Integrate Data pipeline with Odin

What is a Data Pipeline

Data pipelines are where a data source is connected to another one, the target, via a pipeline. The source generates data, and the data is synced in real-time using the pipeline to the target. The data pipeline comprises three major components:

________ _____________ ______

| Source | ---> | Transformer | ---> | Sink |

-------- ------------- ------

  1. Source - The service responsible for publishing data to Kafka Topics is the source. The source will use Kafka connect (source connectors) to publish data to topics from databases or other data sources.

  2. Transformer (optional) - This is a KSQL transformer responsible for modifying the data & applying transformations. e.g., modifying a column name, changing data format, etc. Transformers are only required when there is modification needed in the data.

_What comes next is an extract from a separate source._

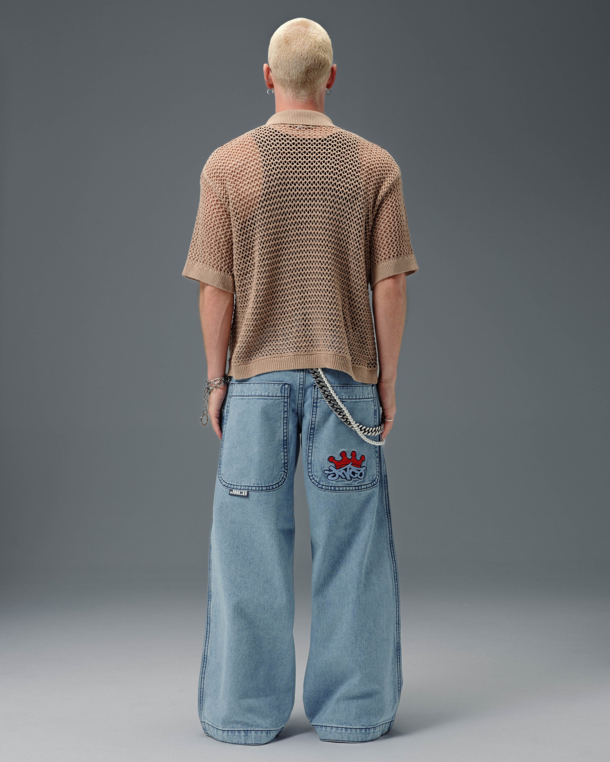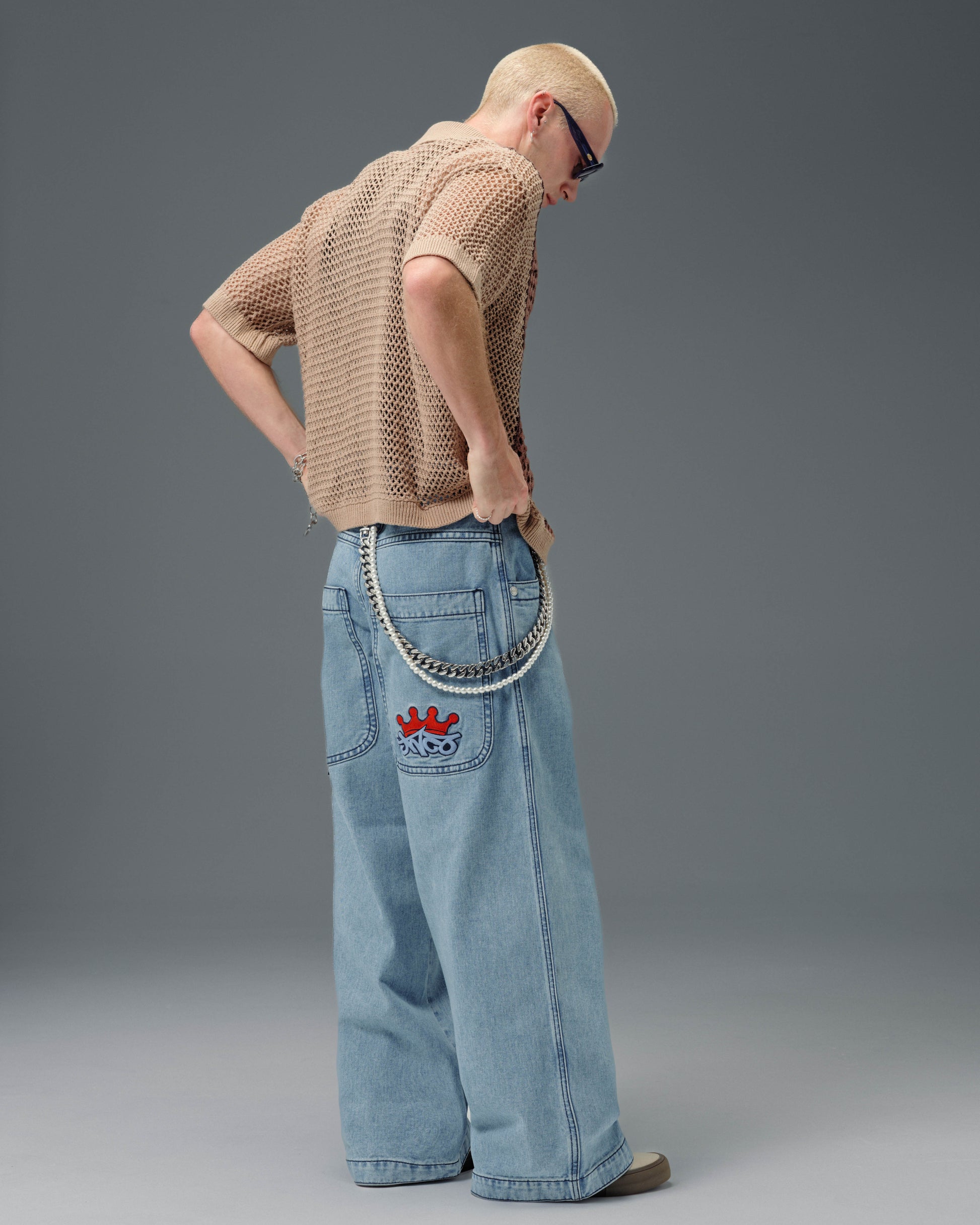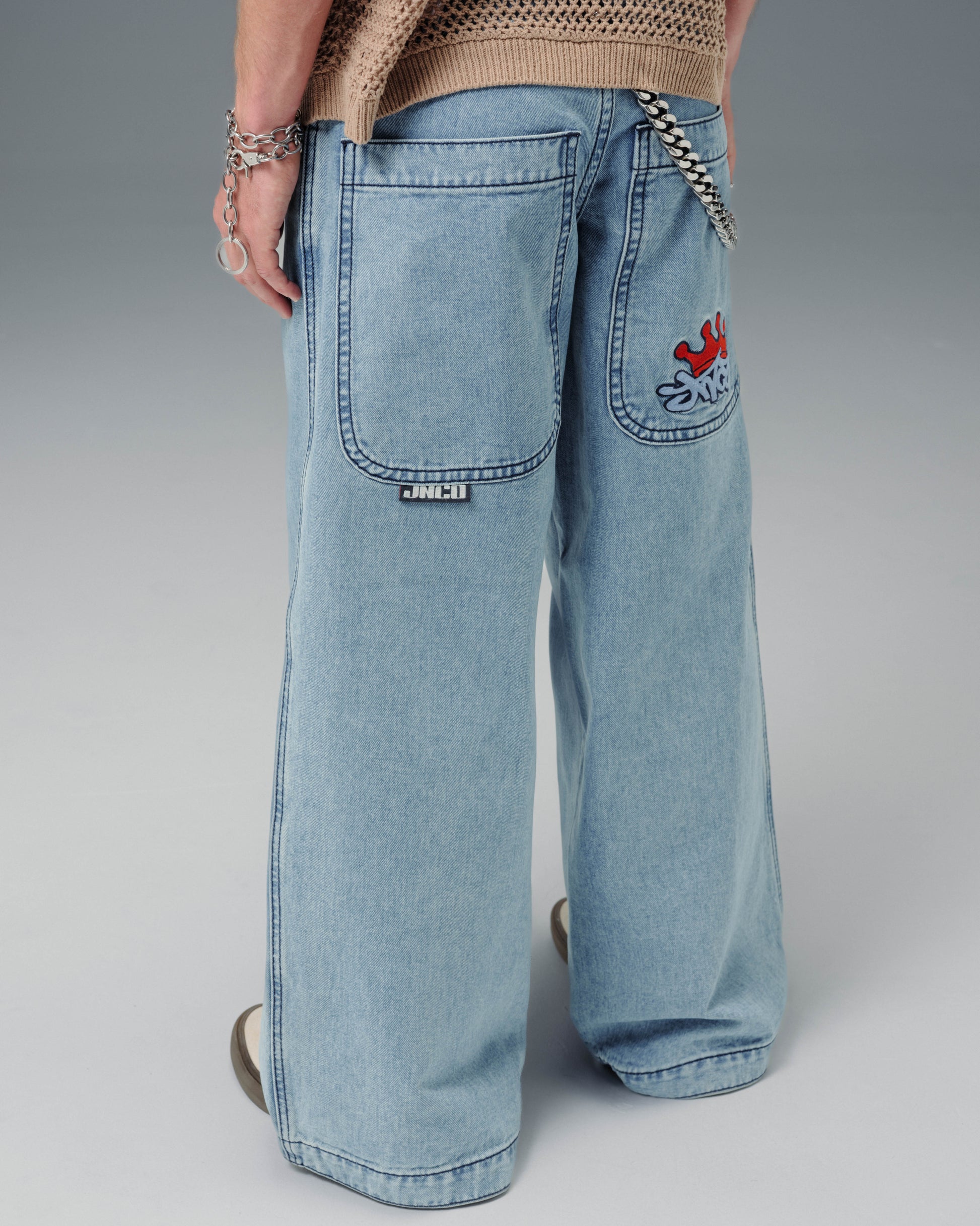 A revamped rendition of the original Twin Cannon in a classic Antique Wash. 14oz 100% cotton denim with a 3x1 left-hand weave and original contrast stitching. 26" bottom opening with double chain stitch detailing on the waistband and hem. Features the iconic JNCO Crown logo embroidery, and new custom buttons and rivets. Collectible new edition flasher included.

  3. Sink - The service which will consume data from the topic will be Sink. The sink will also use Kafka connect (sink connectors) to read data from topics and dump it into the database.

Pipeline Integration in Application

Following are the steps/changes required in an application to integrate the data pipeline into service.

STEP 1:

Go to your project directory and run mvn com.dream11:pipeline-maven-plugin:new to create a pipeline directory structure with the following parameter:

processorType (required, Enum) -> kafkaconnect/ksql 
description (required, String) -> Used to create config file name 
pipelineName (required, String) -> name of pipeline 
pipelineType (required, String) -> source/transformer/sink

The above will create empty pipeline configuration files based on your selected pipeline type.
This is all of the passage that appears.